Reputation: 7879
I need to normalize a list of values to fit in a probability distribution, i.e. between 0.0 and 1.0.
I understand how to normalize, but was curious if Python had a function to automate this.
I'd like to go from:
raw = [0.07, 0.14, 0.07]
to
normed = [0.25, 0.50, 0.25]
Upvotes: 64
Views: 191518
Reputation: 2637
Here is a not-terribly-inefficient one liner similar to the top answer (only performs summation once)
norm = (lambda the_sum:[float(i)/the_sum for i in raw])(sum(raw))
A similar method can be done for a list with negative numbers
norm = (lambda the_max, the_min: [(float(i)-the_min)/(the_max-the_min) for i in raw])(max(raw),min(raw))
Upvotes: 1
Reputation: 4543
Use scikit-learn:
from sklearn.preprocessing import MinMaxScaler
data = np.array([1,2,3]).reshape(-1, 1)
scaler = MinMaxScaler()
scaler.fit(data)
print(scaler.transform(data))
Upvotes: 0
Reputation: 2374
For ones who wanna use scikit-learn, you can use
from sklearn.preprocessing import normalize
x = [1,2,3,4]
normalize([x]) # array([[0.18257419, 0.36514837, 0.54772256, 0.73029674]])
normalize([x], norm="l1") # array([[0.1, 0.2, 0.3, 0.4]])
normalize([x], norm="max") # array([[0.25, 0.5 , 0.75, 1.]])
Upvotes: 12
Reputation: 121
If working with data, many times pandas
is the simple key
This particular code will put the raw
into one column, then normalize by column per row. (But we can put it into a row and do it by row per column, too! Just have to change the axis
values where 0 is for row and 1 is for column.)
import pandas as pd
raw = [0.07, 0.14, 0.07]
raw_df = pd.DataFrame(raw)
normed_df = raw_df.div(raw_df.sum(axis=0), axis=1)
normed_df
where normed_df
will display like:
0
0 0.25
1 0.50
2 0.25
and then can keep playing with the data, too!
Upvotes: 2
Reputation: 1964
If you consider using numpy
, you can get a faster solution.
import random, time
import numpy as np
a = random.sample(range(1, 20000), 10000)
since = time.time(); b = [i/sum(a) for i in a]; print(time.time()-since)
# 0.7956490516662598
since = time.time(); c=np.array(a);d=c/sum(a); print(time.time()-since)
# 0.001413106918334961
Upvotes: 4
Reputation: 9714
Use :
norm = [float(i)/sum(raw) for i in raw]
to normalize against the sum to ensure that the sum is always 1.0 (or as close to as possible).
use
norm = [float(i)/max(raw) for i in raw]
to normalize against the maximum
Upvotes: 116
Reputation: 3351
if your list has negative numbers, this is how you would normalize it
a = range(-30,31,5)
norm = [(float(i)-min(a))/(max(a)-min(a)) for i in a]
Upvotes: 19
Reputation: 3246
Try this :
from __future__ import division
raw = [0.07, 0.14, 0.07]
def norm(input_list):
norm_list = list()
if isinstance(input_list, list):
sum_list = sum(input_list)
for value in input_list:
tmp = value /sum_list
norm_list.append(tmp)
return norm_list
print norm(raw)
This will do what you asked.
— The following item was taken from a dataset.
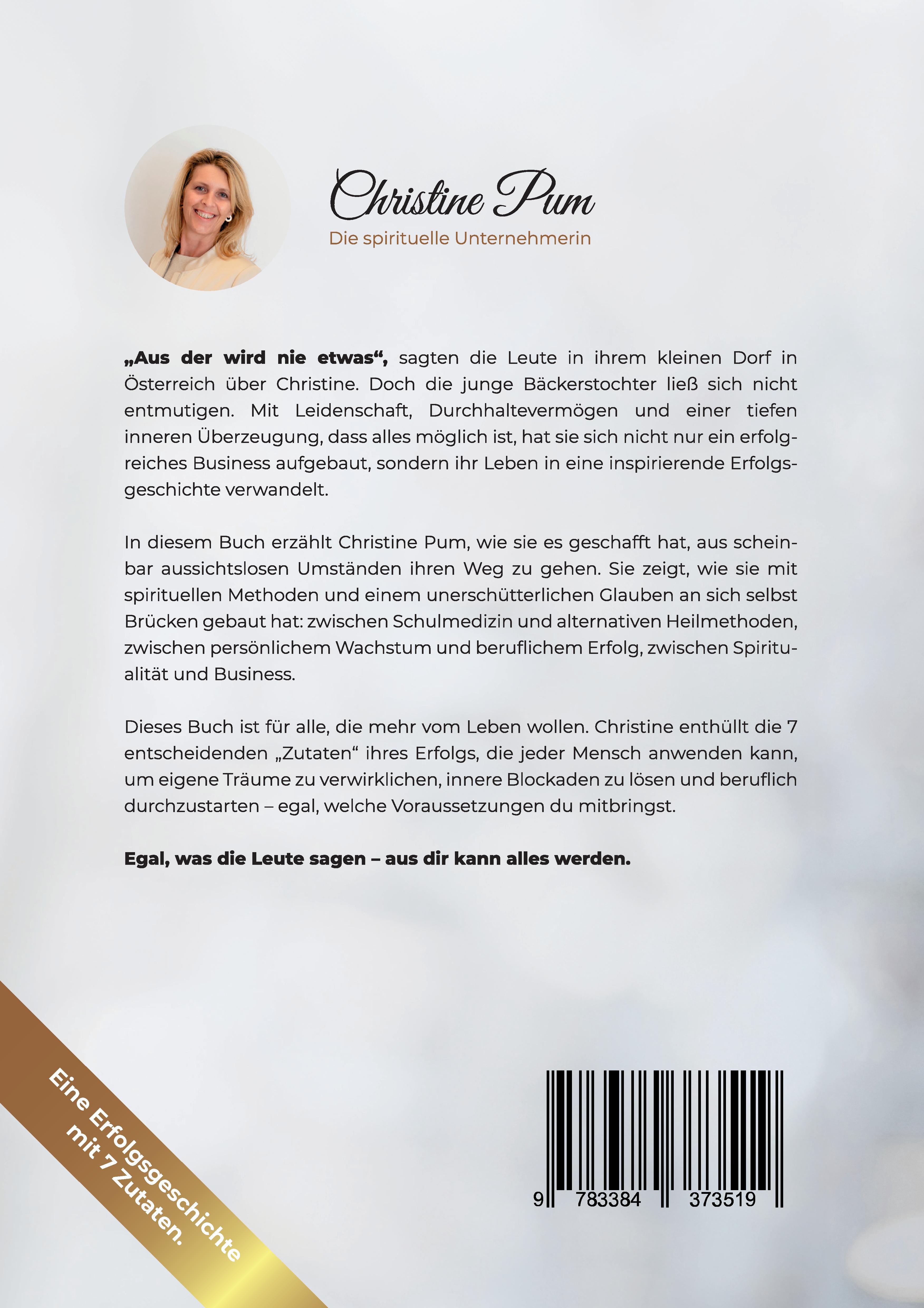 Die Zeit für die leisen Talente und mehr Feingefühl ist gekommen, sagt die spirituelle Unternehmerin Christine Pum. Wir brauchen mehr echte Tiefe im Leben und erst recht im Beruf, wenn wir wirklich glücklich sein wollen. Erfolg und Fülle sind ein Geburtsrecht, davon ist sie überzeugt. Als Coachin für hochsensible Frauen leistet sie einen wertvollen Beitrag für ein Unternehmertum, in dem Intuition, Medialität und subtile Wahrnehmung nicht nur hoch anerkannt sind, sondern auch hoch wirksam eingesetzt werden. Es kommt darauf an, auf das eigene Herz zu hören und der inneren Berufung zu folgen. Christine Pum (*1975 in Gmunden) wuchs in einer katholischen Unternehmerfamilie auf. Der schwere Alltag, geprägt von harter Arbeit und ständigen existenziellen Sorgen, hat sie früh für ihr Leben stark gemacht. Die Frauen in ihrer Familie, insbesondere die Mutter, hatten allerdings hellsichtige Begabungen, und so begann für das ebenfalls spürige Mädchen schon früh die Suche nach dem wahren Sinn, der „hinter den Dingen“ liegt. Nach der Schule begann Christine Pum eine Berufsausbildung zur Bürokauffrau. Sie heiratete und bekam drei Kinder. Ihr Lebensweg schien vorprogrammiert. Im Alter von 41 Jahren wurde sie von einem dramatischen Schicksalsschag so schwer erschüttert, dass sie in ihrem Leben eine massive Wende einleitete, ihrem Herzensweg folgte und letztlich zu ihrer wahren Berufung fand. Eine Reihe von Ausbildungen, u.a. Cranio-Sakral-Praxis, Systemisches Familienstellen, Kinesiologie, Hypnose, Human Design und die Staatlich geprüfte Lebens- und Sozialberatung ermöglichten ihr, sich selbstständig zu machen und ein spirituelles Business aufzubauen. Es ist ihr Ziel, Menschen zu ermutigen, karmische Grenzen zu überwinden, über sich hinauszuwachsen und ihr authentisches Herzenspotenzial – insbesondere hochsensible Talente – beruflich erfolgreich einzusetzen.

But I will suggest to try Min-Max normalization.
min-max normalization :
def min_max_norm(dataset):
if isinstance(dataset, list):
norm_list = list()
min_value = min(dataset)
max_value = max(dataset)
for value in dataset:
tmp = (value - min_value) / (max_value - min_value)
norm_list.append(tmp)
return norm_list
Upvotes: 3
Reputation: 25053
How long is the list you're going to normalize?
def psum(it):
"This function makes explicit how many calls to sum() are done."
print "Another call!"
return sum(it)
raw = [0.07,0.14,0.07]
print "How many calls to sum()?"
print [ r/psum(raw) for r in raw]
print "\nAnd now?"
s = psum(raw)
print [ r/s for r in raw]
# if one doesn't want auxiliary variables, it can be done inside
# a list comprehension, but in my opinion it's quite Baroque
print "\nAnd now?"
print [ r/s for s in [psum(raw)] for r in raw]
Output
# How many calls to sum()?
# Another call!
# Another call!
# Another call!
# [0.25, 0.5, 0.25]
#
# And now?
# Another call!
# [0.25, 0.5, 0.25]
#
# And now?
# Another call!
# [0.25, 0.5, 0.25]
Upvotes: 7
Reputation: 5534
There isn't any function in the standard library (to my knowledge) that will do it, but there are absolutely modules out there which have such functions. However, its easy enough that you can just write your own function:
def normalize(lst):
s = sum(lst)
return map(lambda x: float(x)/s, lst)
Sample output:
>>> normed = normalize(raw)
>>> normed
[0.25, 0.5, 0.25]
Upvotes: 4